Die in der Anfrage vorgeschlagene bundesweite Lösung ist – wie in Beantwortung der Frage 2 dargestellt – an der Haltung der Österreichischen Ärztekammer gescheitert. Dennoch haben sich die einzelnen Versicherungsträger mit Erfolg bemüht, regionale Lösungen anzubieten. Selbstverständlich wäre eine österreichweit einheitliche Vorgangsweise erstrebenswert; wenn jedoch ein anderer Lösungsansatz ebenfalls ein vertretbares Ergebnis zeitigt, sollte dies nicht gering geschätzt werden. Die Verringerung der Anzahl der Versicherungsträger erscheint kein gangbarer Weg zur Erreichung eines österreichweit einheitlichen Vorgehens bei der Vorsorge-Koloskopie. Wenn nämlich in der gegenwärtigen Situation eine bundesweite Lösung nicht erreichbar ist, wird diese auch nicht wahrscheinlicher, wenn der Ärztekammer ein Versicherungsträger als Verhandlungspartner gegenübersteht. Auch in diesem Fall wird eine Vereinbarung nicht zustande kommen. Der Unterschied liegt lediglich darin, dass dann auch Vereinbarungen auf regionaler Ebene nicht mehr möglich wären. Inwieweit eine „Stärkung“ des Hauptverbandes erfolgen sollte, die zu einer Ausgangssituation führt, die eine gesamthafte Lösung wahrscheinlicher macht, ist aus der gleichen Überlegung nicht nachvollziehbar.

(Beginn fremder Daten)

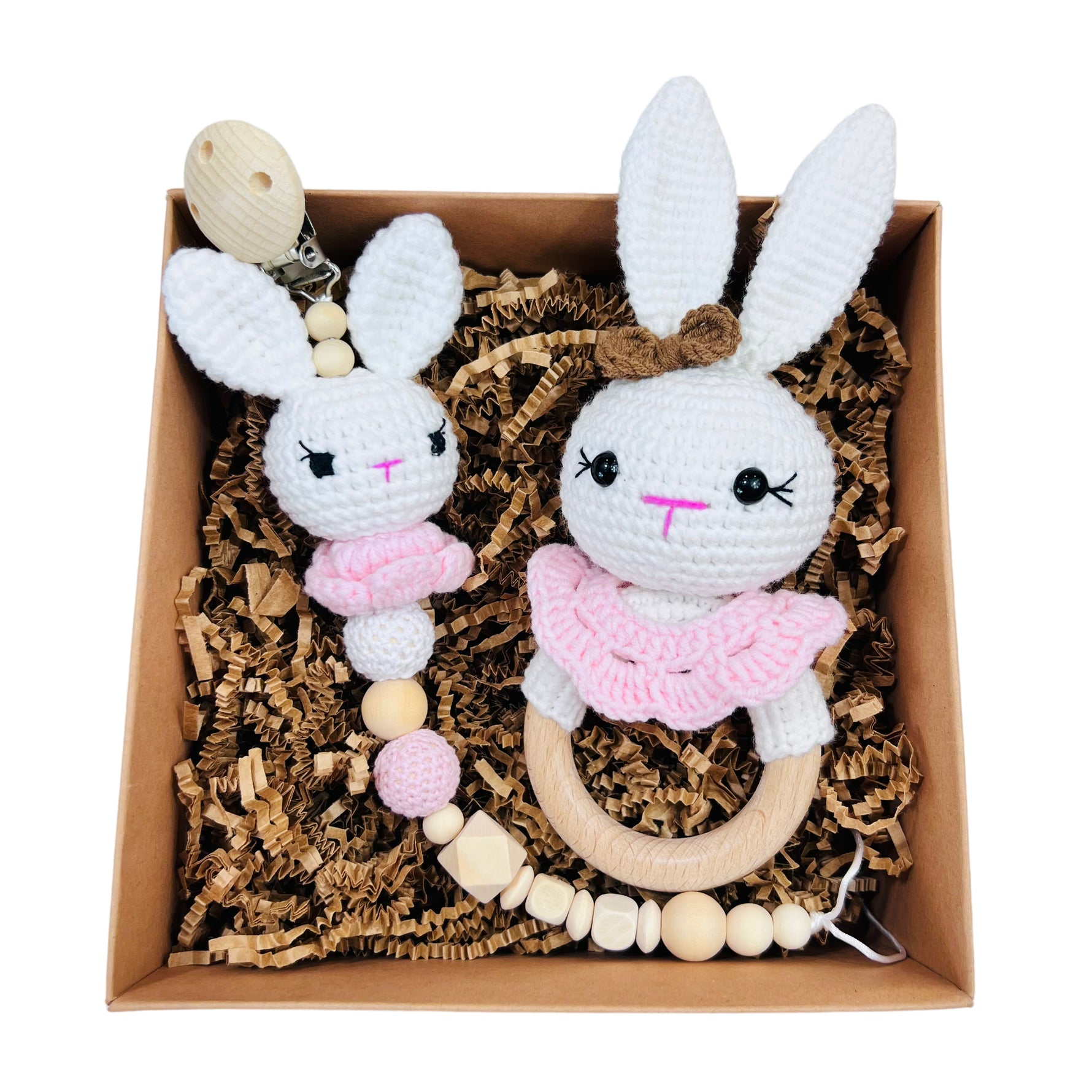 This charming crocheted gift set is perfect for little ones and includes a delightful bunny rattle and a matching soother holder. The colorful rattle captivates your baby's attention with its gentle sound, while the soother holder keeps pacifiers or the rattle easily accessible, preventing them from getting lost or dirty. This set not only provides comfort and entertainment but also serves as a lovely keepsake. Ideal for baby showers or special occasions, it’s sure to bring joy to both parents and their little ones.

Erfahrungen aus der Bundesrepublik Deutschland belegen jedenfalls, dass Zusammenlegungs- bzw. Zentralisierungsschritte nicht als konstruktiver Beitrag zur diesbezüglichen Problemlösung betrachtet werden können.


Frage 8:

Die soziale Krankenversicherung trifft im Rahmen ihrer Leistungsverpflichtung zur präventiven Koloskopie auch die Verpflichtung zu deren Kostentragung (direkt im niedergelassenen Bereich bzw. anteilig über die jährlichen Pauschalzahlungen zur Krankenanstaltenfinanzierung im Rahmen des LKF-Systems). Die Entscheidung hinsichtlich einer allfälligen finanziellen Beteiligung anderer Stellen wäre von denselben aus der Sicht ihres jeweiligen Zuständigkeitsbereiches zu treffen.